Data records:
#####

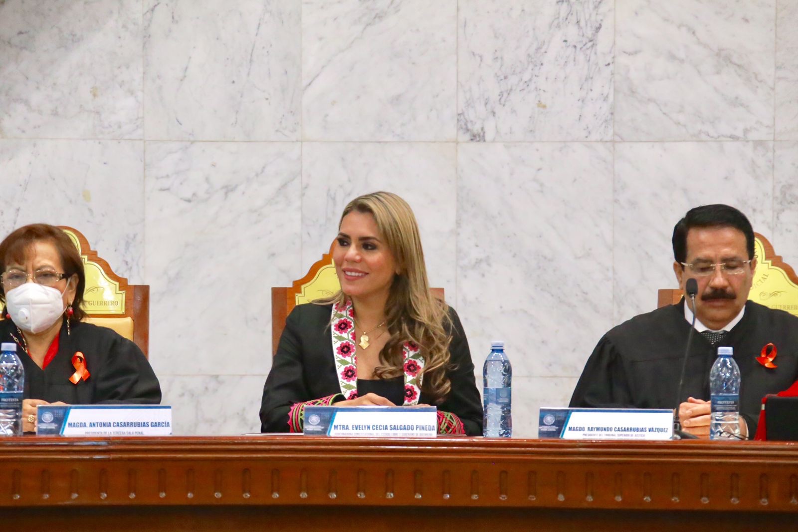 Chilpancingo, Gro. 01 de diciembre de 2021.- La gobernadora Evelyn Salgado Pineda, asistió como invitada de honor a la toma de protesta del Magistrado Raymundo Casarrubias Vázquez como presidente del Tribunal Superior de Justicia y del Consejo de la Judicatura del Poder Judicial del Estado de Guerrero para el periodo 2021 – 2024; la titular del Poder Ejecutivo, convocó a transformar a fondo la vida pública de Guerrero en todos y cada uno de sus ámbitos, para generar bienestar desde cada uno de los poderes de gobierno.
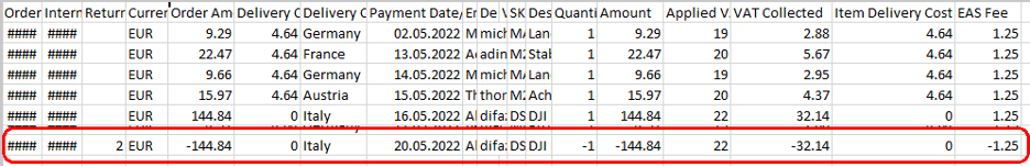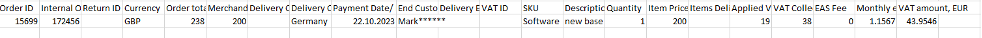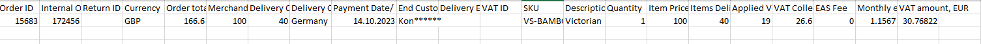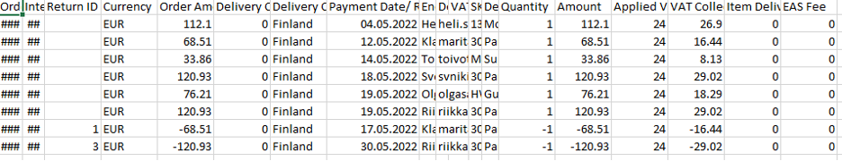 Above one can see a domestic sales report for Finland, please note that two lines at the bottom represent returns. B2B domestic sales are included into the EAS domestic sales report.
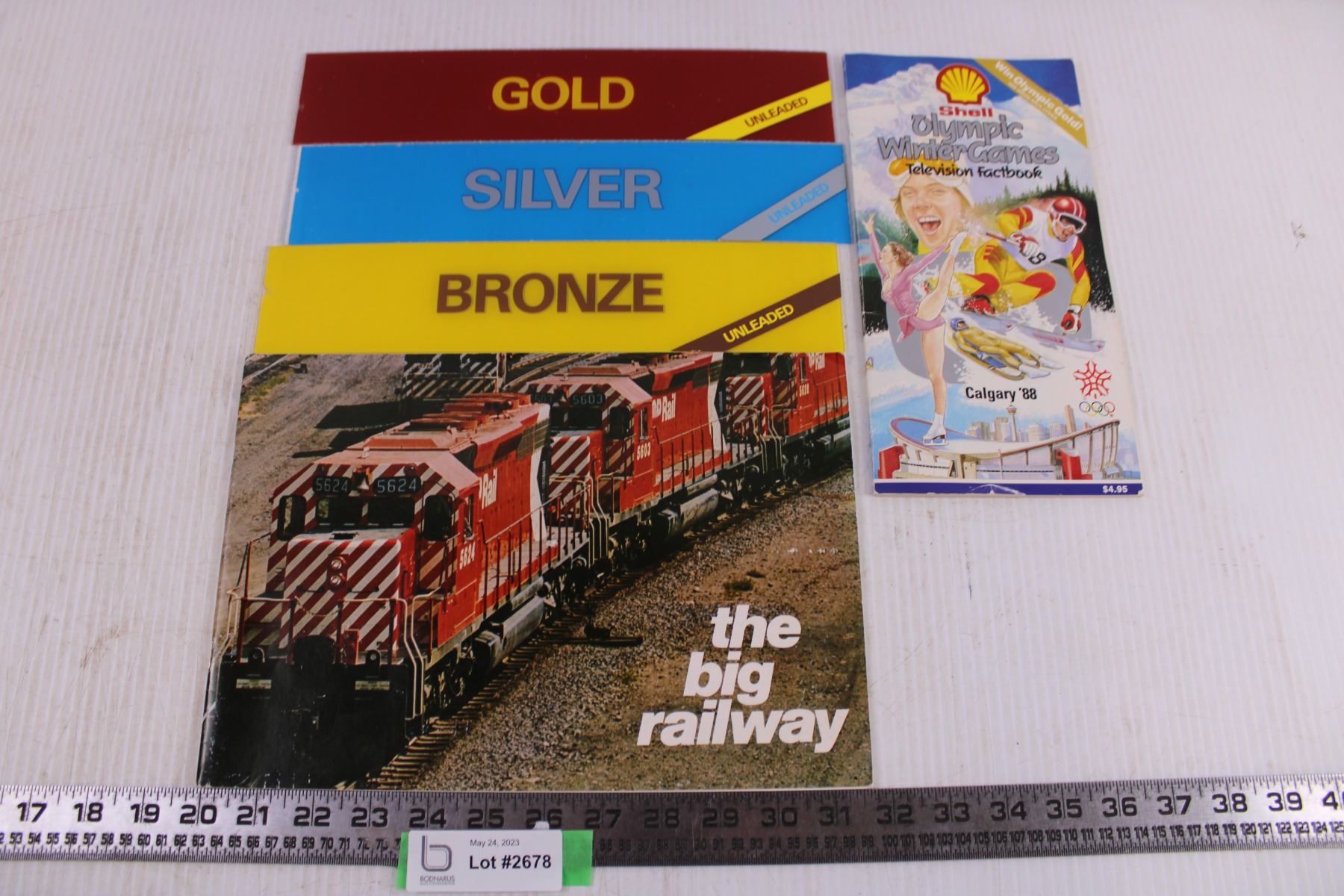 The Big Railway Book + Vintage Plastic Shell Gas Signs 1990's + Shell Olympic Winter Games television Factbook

#####

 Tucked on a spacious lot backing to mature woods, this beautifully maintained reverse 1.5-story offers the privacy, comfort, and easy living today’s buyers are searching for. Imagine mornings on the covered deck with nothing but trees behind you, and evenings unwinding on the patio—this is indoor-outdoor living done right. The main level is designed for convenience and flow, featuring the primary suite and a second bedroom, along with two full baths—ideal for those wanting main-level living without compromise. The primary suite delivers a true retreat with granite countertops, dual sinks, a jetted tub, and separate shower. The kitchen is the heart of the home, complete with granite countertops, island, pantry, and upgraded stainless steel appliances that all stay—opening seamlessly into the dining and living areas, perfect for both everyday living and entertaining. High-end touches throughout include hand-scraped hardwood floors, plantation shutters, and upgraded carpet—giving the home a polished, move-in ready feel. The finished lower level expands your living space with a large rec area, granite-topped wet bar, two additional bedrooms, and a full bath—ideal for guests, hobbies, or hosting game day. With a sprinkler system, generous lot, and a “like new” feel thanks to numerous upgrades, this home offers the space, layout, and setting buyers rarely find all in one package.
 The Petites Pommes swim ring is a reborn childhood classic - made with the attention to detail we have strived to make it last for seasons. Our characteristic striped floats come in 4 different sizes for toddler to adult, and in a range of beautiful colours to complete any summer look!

#####

Problem requirements: Using the listing above, repeat word for word each line from the one with "Above one can" down to the one with "The Big Railway", both included. Omit all pictures.

Output:
 Above one can see a domestic sales report for Finland, please note that two lines at the bottom represent returns. B2B domestic sales are included into the EAS domestic sales report.
 The Big Railway Book + Vintage Plastic Shell Gas Signs 1990's + Shell Olympic Winter Games television Factbook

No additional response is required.